[The records]

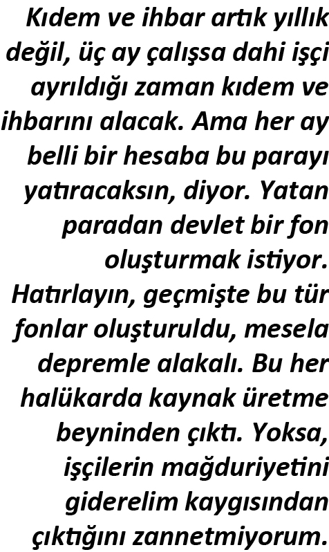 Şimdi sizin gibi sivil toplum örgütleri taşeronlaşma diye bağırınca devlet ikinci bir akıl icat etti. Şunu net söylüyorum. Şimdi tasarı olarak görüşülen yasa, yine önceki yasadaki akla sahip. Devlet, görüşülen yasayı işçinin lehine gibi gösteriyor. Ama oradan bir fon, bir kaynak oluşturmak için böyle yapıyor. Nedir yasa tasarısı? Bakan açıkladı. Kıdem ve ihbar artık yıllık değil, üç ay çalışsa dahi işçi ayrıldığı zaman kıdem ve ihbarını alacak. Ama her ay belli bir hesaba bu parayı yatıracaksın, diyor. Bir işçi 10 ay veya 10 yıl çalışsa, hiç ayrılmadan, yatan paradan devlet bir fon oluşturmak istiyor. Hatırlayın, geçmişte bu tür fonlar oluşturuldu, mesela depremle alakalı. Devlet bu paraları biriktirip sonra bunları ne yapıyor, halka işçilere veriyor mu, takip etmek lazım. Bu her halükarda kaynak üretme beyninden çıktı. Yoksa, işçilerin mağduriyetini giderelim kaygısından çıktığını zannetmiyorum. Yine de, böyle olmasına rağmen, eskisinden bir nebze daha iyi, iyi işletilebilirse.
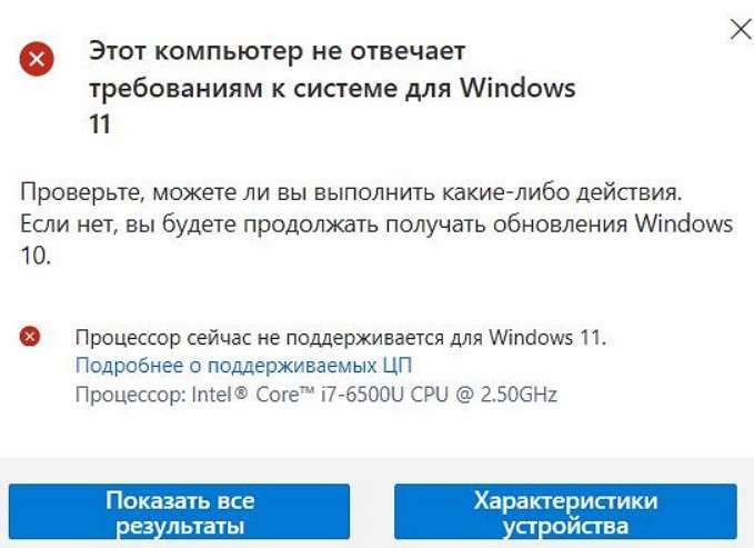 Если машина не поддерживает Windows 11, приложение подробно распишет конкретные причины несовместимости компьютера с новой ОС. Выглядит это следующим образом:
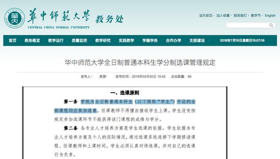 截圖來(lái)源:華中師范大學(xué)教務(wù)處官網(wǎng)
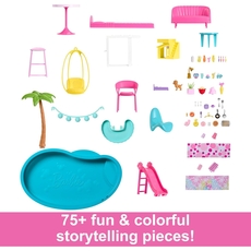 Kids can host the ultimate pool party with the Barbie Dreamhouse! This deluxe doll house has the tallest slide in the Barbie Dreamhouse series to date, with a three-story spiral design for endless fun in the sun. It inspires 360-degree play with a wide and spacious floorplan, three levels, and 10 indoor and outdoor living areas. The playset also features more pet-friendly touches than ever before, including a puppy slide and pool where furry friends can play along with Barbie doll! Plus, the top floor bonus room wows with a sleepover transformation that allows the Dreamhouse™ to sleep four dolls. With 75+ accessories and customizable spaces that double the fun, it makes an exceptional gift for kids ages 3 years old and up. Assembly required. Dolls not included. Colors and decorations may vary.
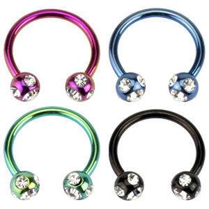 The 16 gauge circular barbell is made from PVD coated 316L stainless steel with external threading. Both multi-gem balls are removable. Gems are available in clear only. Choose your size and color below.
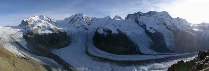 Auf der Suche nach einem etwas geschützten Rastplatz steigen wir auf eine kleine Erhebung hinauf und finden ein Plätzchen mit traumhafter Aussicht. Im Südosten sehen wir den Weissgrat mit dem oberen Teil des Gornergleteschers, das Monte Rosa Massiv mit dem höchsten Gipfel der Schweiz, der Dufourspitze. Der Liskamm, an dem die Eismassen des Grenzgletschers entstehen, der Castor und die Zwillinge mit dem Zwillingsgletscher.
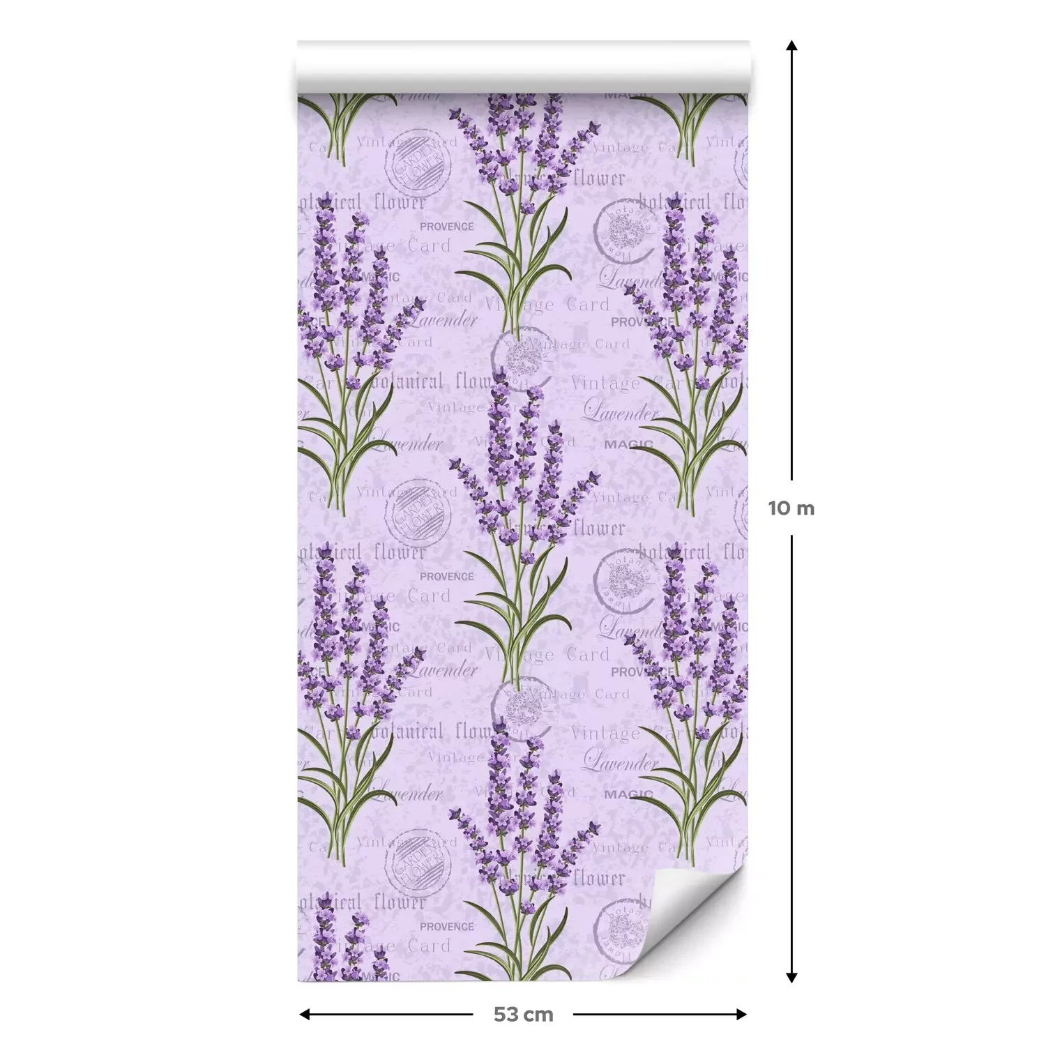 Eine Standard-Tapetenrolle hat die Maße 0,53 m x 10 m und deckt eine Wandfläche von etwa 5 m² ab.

[/The records]

Task to complete: Copy every record exactly as it appears, apart from any pictures.

Written solution:
 Şimdi sizin gibi sivil toplum örgütleri taşeronlaşma diye bağırınca devlet ikinci bir akıl icat etti. Şunu net söylüyorum. Şimdi tasarı olarak görüşülen yasa, yine önceki yasadaki akla sahip. Devlet, görüşülen yasayı işçinin lehine gibi gösteriyor. Ama oradan bir fon, bir kaynak oluşturmak için böyle yapıyor. Nedir yasa tasarısı? Bakan açıkladı. Kıdem ve ihbar artık yıllık değil, üç ay çalışsa dahi işçi ayrıldığı zaman kıdem ve ihbarını alacak. Ama her ay belli bir hesaba bu parayı yatıracaksın, diyor. Bir işçi 10 ay veya 10 yıl çalışsa, hiç ayrılmadan, yatan paradan devlet bir fon oluşturmak istiyor. Hatırlayın, geçmişte bu tür fonlar oluşturuldu, mesela depremle alakalı. Devlet bu paraları biriktirip sonra bunları ne yapıyor, halka işçilere veriyor mu, takip etmek lazım. Bu her halükarda kaynak üretme beyninden çıktı. Yoksa, işçilerin mağduriyetini giderelim kaygısından çıktığını zannetmiyorum. Yine de, böyle olmasına rağmen, eskisinden bir nebze daha iyi, iyi işletilebilirse.
 Если машина не поддерживает Windows 11, приложение подробно распишет конкретные причины несовместимости компьютера с новой ОС. Выглядит это следующим образом:
 截圖來(lái)源:華中師范大學(xué)教務(wù)處官網(wǎng)
 Kids can host the ultimate pool party with the Barbie Dreamhouse! This deluxe doll house has the tallest slide in the Barbie Dreamhouse series to date, with a three-story spiral design for endless fun in the sun. It inspires 360-degree play with a wide and spacious floorplan, three levels, and 10 indoor and outdoor living areas. The playset also features more pet-friendly touches than ever before, including a puppy slide and pool where furry friends can play along with Barbie doll! Plus, the top floor bonus room wows with a sleepover transformation that allows the Dreamhouse™ to sleep four dolls. With 75+ accessories and customizable spaces that double the fun, it makes an exceptional gift for kids ages 3 years old and up. Assembly required. Dolls not included. Colors and decorations may vary.
 The 16 gauge circular barbell is made from PVD coated 316L stainless steel with external threading. Both multi-gem balls are removable. Gems are available in clear only. Choose your size and color below.
 Auf der Suche nach einem etwas geschützten Rastplatz steigen wir auf eine kleine Erhebung hinauf und finden ein Plätzchen mit traumhafter Aussicht. Im Südosten sehen wir den Weissgrat mit dem oberen Teil des Gornergleteschers, das Monte Rosa Massiv mit dem höchsten Gipfel der Schweiz, der Dufourspitze. Der Liskamm, an dem die Eismassen des Grenzgletschers entstehen, der Castor und die Zwillinge mit dem Zwillingsgletscher.
 Eine Standard-Tapetenrolle hat die Maße 0,53 m x 10 m und deckt eine Wandfläche von etwa 5 m² ab.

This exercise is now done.